Однако узнать об иных чеховских намерениях и устремлениях можно было из одной маленькой газетной заметки. В октябре 1888 года у далекого озера на границе между Киргизией и Китаем умер путешественник и исследователь Азии Николай Пржевальский. Он страдал от однополой любви и умер от тифа, выпив зараженной речной воды, – через несколько лет такая же участь постигнет Петра Ильича Чайковского. Чехов анонимно поместил в «Новом времени» некролог Пржевальскому, в котором восхищался его героизмом и говорил, что он один стоит десятка учебных заведений и сотни хороших книг. Тогда он еще не читал последней книги ученого, в которой тот рекомендует истребить всех обитателей Монголии и Тибета и заселить их земли казаками, а также начать войну с Китаем. В Пржевальском Чехова привлек образ одинокого странника, который, оставив семью и друзей, устремляется на край света, чтобы найти там свою смерть.
Глава 25
«Иванов» на петербургской сцене
январь – февраль 1889 года
В наступившем 1889 году Суворин и Чехов стали неразлучны: они взаимно ставили написанные ими пьесы, они планировали совместную работу над комедией «Леший», распределив между собой персонажей и действия. Суворин приехал в Москву на премьеру своей «Татьяны Репиной», Антон поехал в Петербург посмотреть, как поставлен его «Иванов» на сто личной сцене. Петербург гудел от сплетен; стоило им появиться где-то в компании Дофина, как по столице пошла гулять фраза: «Суворин – отец, Суворин – сын и Чехов – Святой Дух»[149]. Ходили слухи, что Суворин положил Чехову 6000 рублей в год, что его одиннадцатилетнюю дочь Настю (или дочь Плещеева Елену) прочат Чехову в жены. Кстати, ни один из братьев Чеховых к тому времени не состоял в законном браке, чего нельзя было сказать о чеховских поклонниках – Билибине, Щеглове, Грузинском и Ежове. Антон оправдывался тем, что беден, – и тут же шутка Евреиновой в «Северном вестнике» обернулась слухом: Чехов помолвлен с Сибиряковой, вдовой сибирского миллионера.
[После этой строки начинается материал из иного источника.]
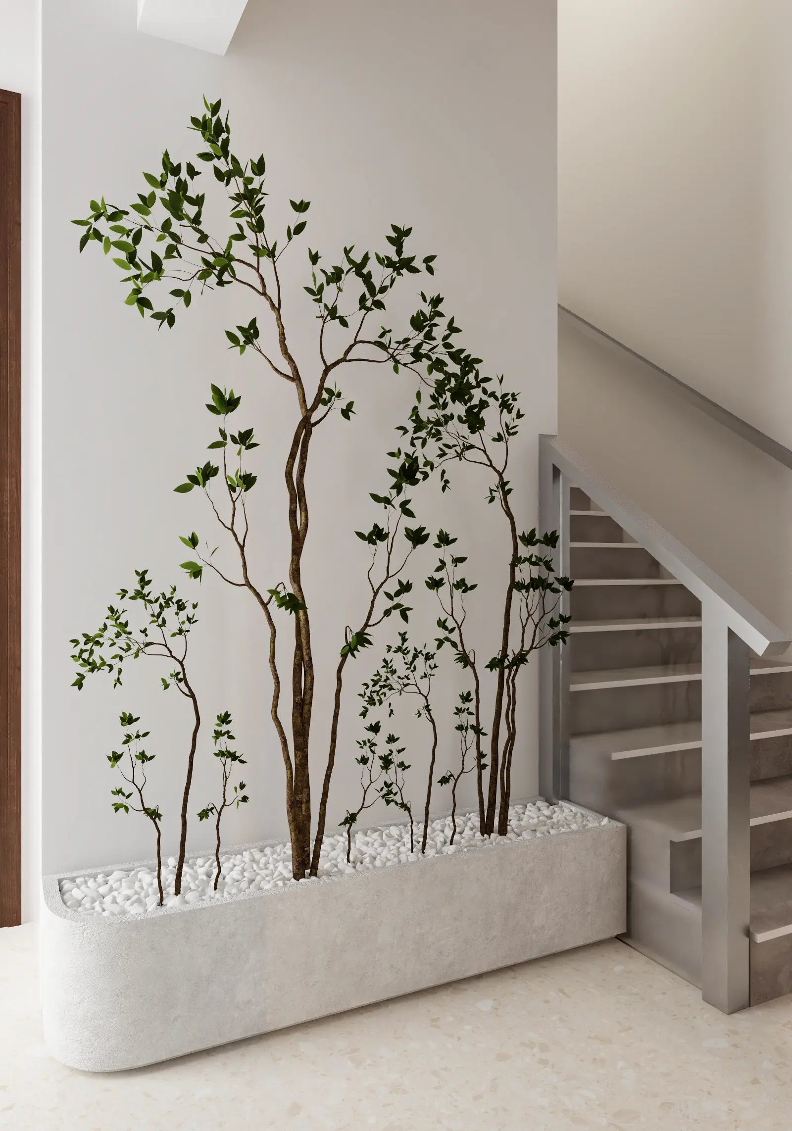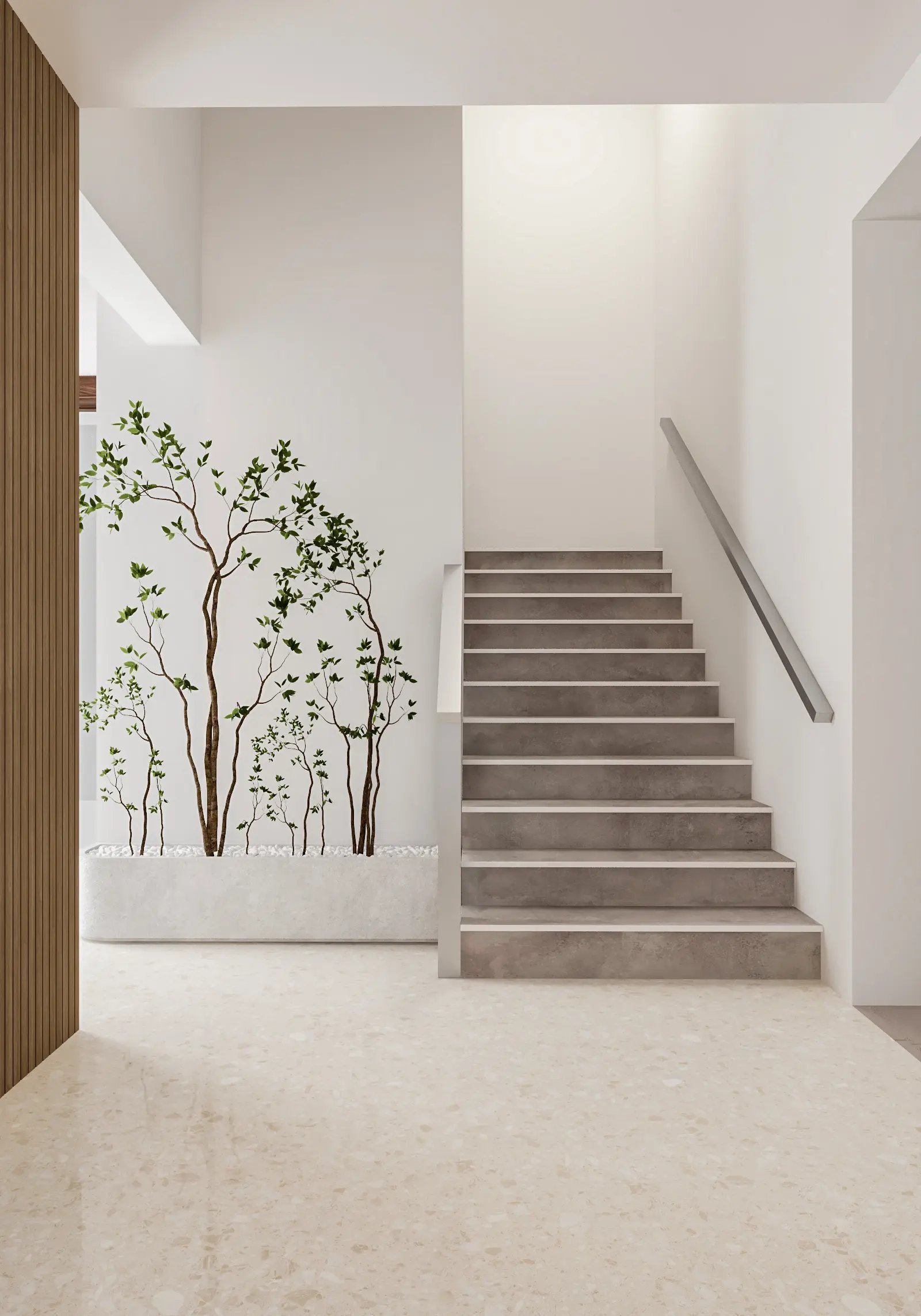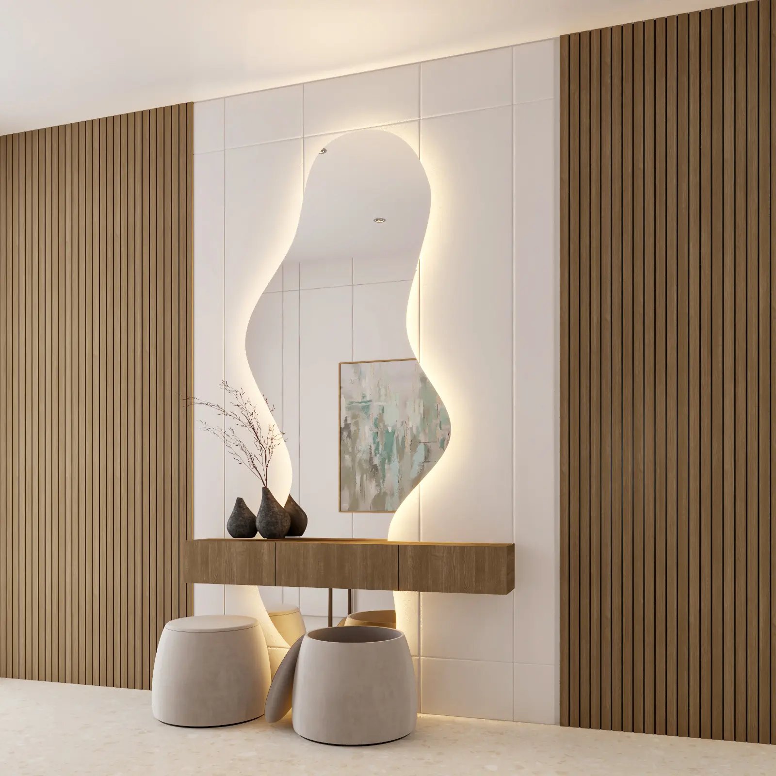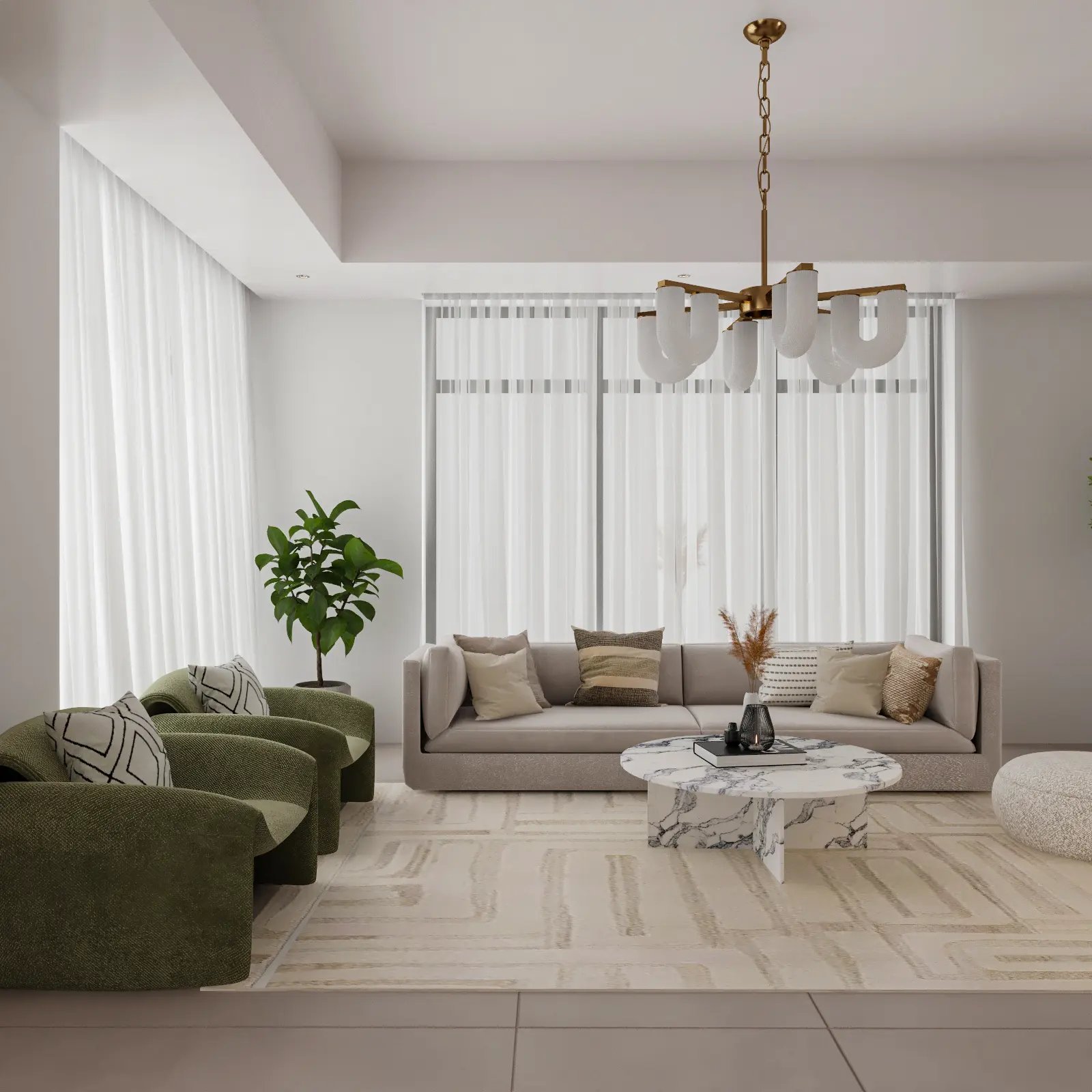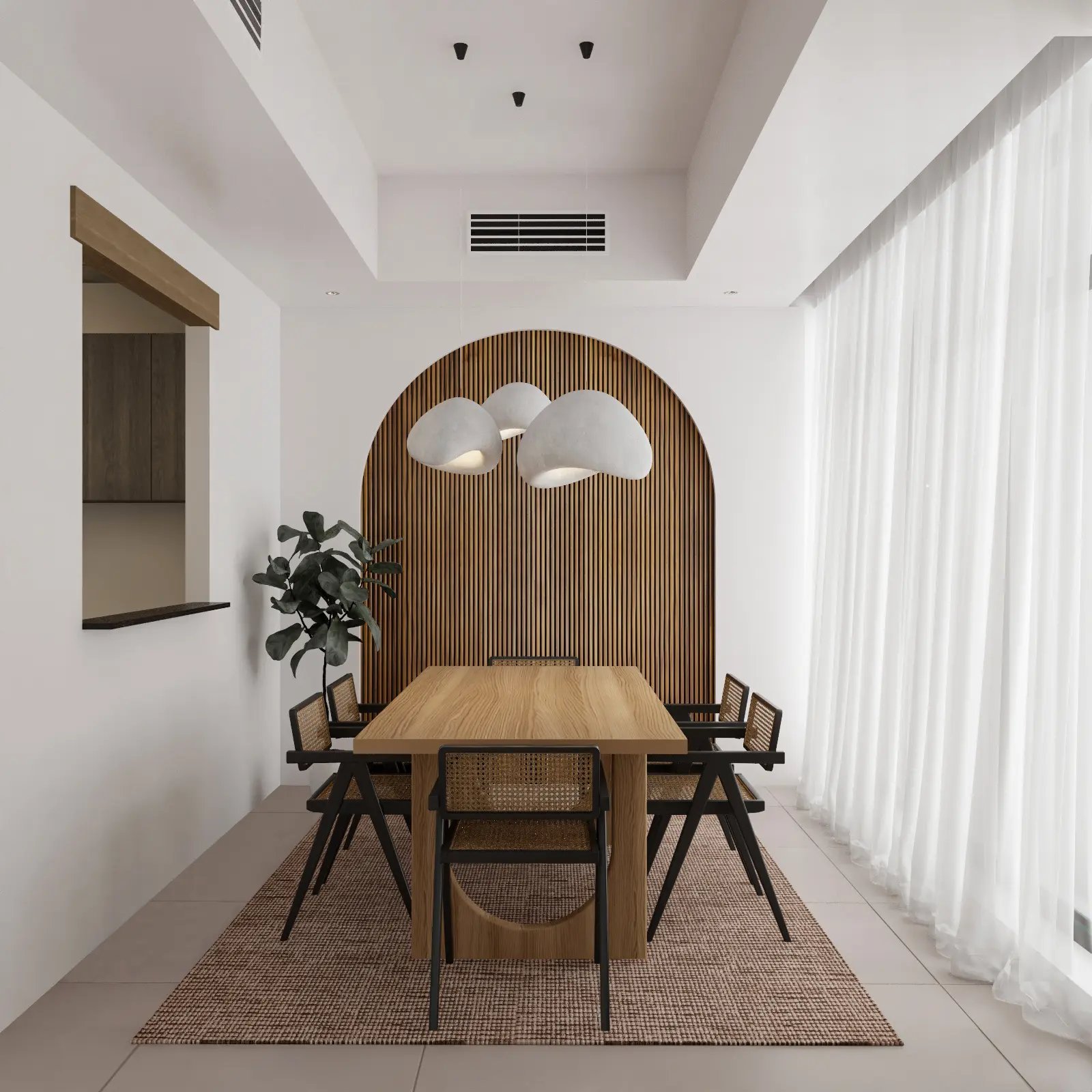 Step into a world of sophisticated minimalism, where natural textures and contemporary design merge seamlessly. This interior showcases an exquisite balance of warm wood tones, neutral palettes, and thoughtfully curated décor that enhances both functionality and aesthetic appeal. Welcoming yet refined, the entryway sets the tone with a curated mix of natural textures and contemporary art. A fluid-shaped backlit mirror becomes an artistic focal point, complemented by sleek paneling and a floating wooden console. A statement slatted wood accent wall with an arched design adds depth, while organic-shaped pendant lights cast a soft glow, creating an inviting atmosphere for gatherings in the dining area. An airy and inviting living room bathed in natural light, this space is designed for both relaxation and conversation. A neutral-toned sectional pairs effortlessly with deep green accent chairs, adding a pop of nature-inspired color. Each space in this interior is designed with a keen eye for detail, ensuring a seamless blend of modern aesthetics and timeless comfort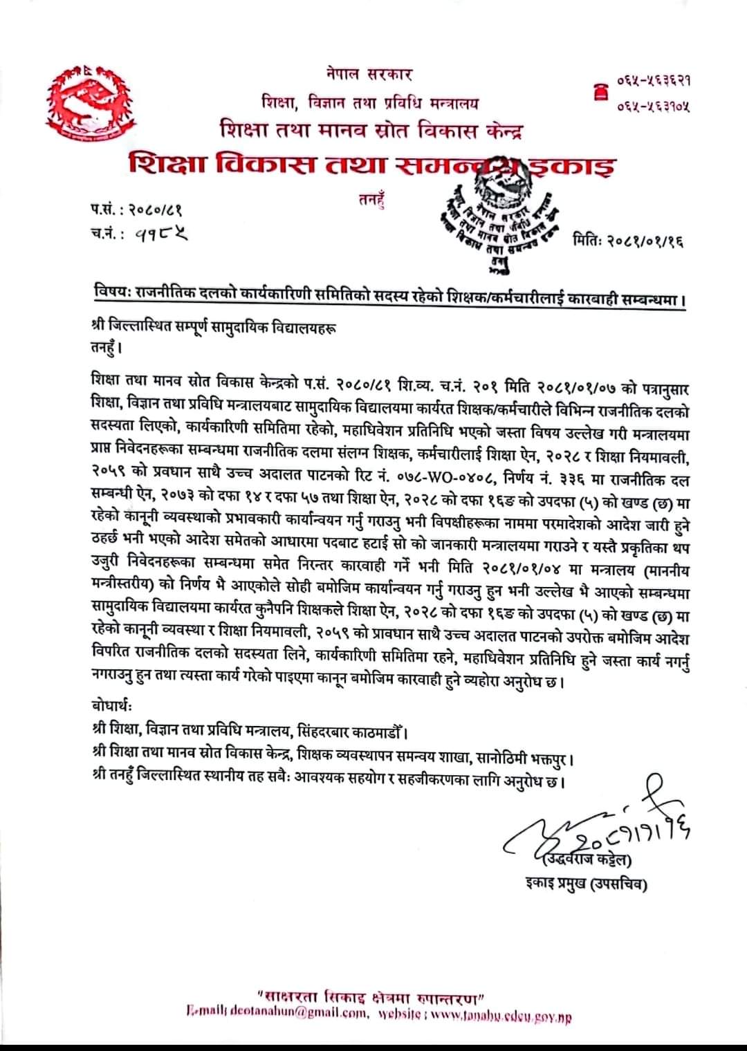 सामुदायिक विद्यालयमा कार्यरत कुनै पनि शिक्षकले शिक्षा ऐन २०२८ को दफा १६ ङ को उपदफा ५ को खण्ड ६ मा रहेको कानुनी व्यवस्था र शिक्षा नियमावली २०५९ को प्रावधान साथै उच्च अदालत पाटनको उपरोक्त बमोजिम आदेश विपरीत राजनीतिकदलको सदस्यता लिने कार्यकारिणी समितिमा रहने , महाधिवेशन प्रतिनिधि हुने जस्ता कार्य नगर्नु नगराउनु हुन तथा त्यस्ता कार्य गरेको पाइएमा कानुन बमोजिम कारबाही हुने व्यहोरा समेत इकाई प्रमुख कटेलद्वारा हस्ताक्षरित पत्रमा उल्लेख छ। जसको बोधार्थ शिक्षा विज्ञान तथा प्रविधि मन्त्रालय सिंहदरबार ,काठमाडौँ , शिक्षा मानव तथा स्रोत विकास केन्द्र शिक्षा व्यवस्थापन समन्वय शाखा , सानोठिमी भक्तपुर र तनहुँ जिल्ला स्थित स्थानीय तहका सबैलाई आवश्यक सहयोग र सहजीकरणका लागि पनि इकाइले अनुरोध गरेको छ।

Готовясь к приезду Суворина, Антон объезжал московские гостиницы в поисках номера с хорошим отоплением. Его все еще тяготило впечатление, которое осталось у него после визита к брату Александру. Второго января он высказал ему все начистоту: «В первое же мое посещение меня оторвало от тебя твое ужасное, ни с чем не сообразное обращение с Натальей Александровной и кухаркой. <…> Постоянные ругательства самого низменного сорта, возвышение голоса, попреки, капризы за завтраком и обедом, вечные жалобы на жизнь каторжную и труд анафемский – разве это не есть выражение грубого деспотизма? Как бы ничтожна и виновата ни была женщина, как бы близко она ни стояла к тебе, ты не имеешь права сидеть в ее присутствии без штанов, быть в ее присутствии пьяным, говорить словеса, которых не говорят даже фабричные, когда видят около себя женщин.<…> Ни один порядочный муж или любовник не позволит себе говорить с женщиной о сцанье, о бумажке, грубо, анекдота ради иронизировать постельные отношения, ковырять словесно в ее половых органах… Это развращает женщину и отдаляет ее от Бога, в которого она верит. Человек, уважающий женщину, воспитанный и любящий, не позволит себе показаться горничной без штанов, кричать во все горло: „Катька, подай урыльник!“ <…> Между женщиной, которая спит на чистой простыне, и тою, которая дрыхнет на грязной и весело хохочет, когда ее любовник пердит, такая же разница, как между гостиной и кабаком. Дети святы и чисты. <…> Нельзя безнаказанно похабничать в их присутствии, оскорблять прислугу или говорить со злобой Наталье Александровне: „Убирайся ты от меня ко всем чертям! Я тебя не держу!“»[150]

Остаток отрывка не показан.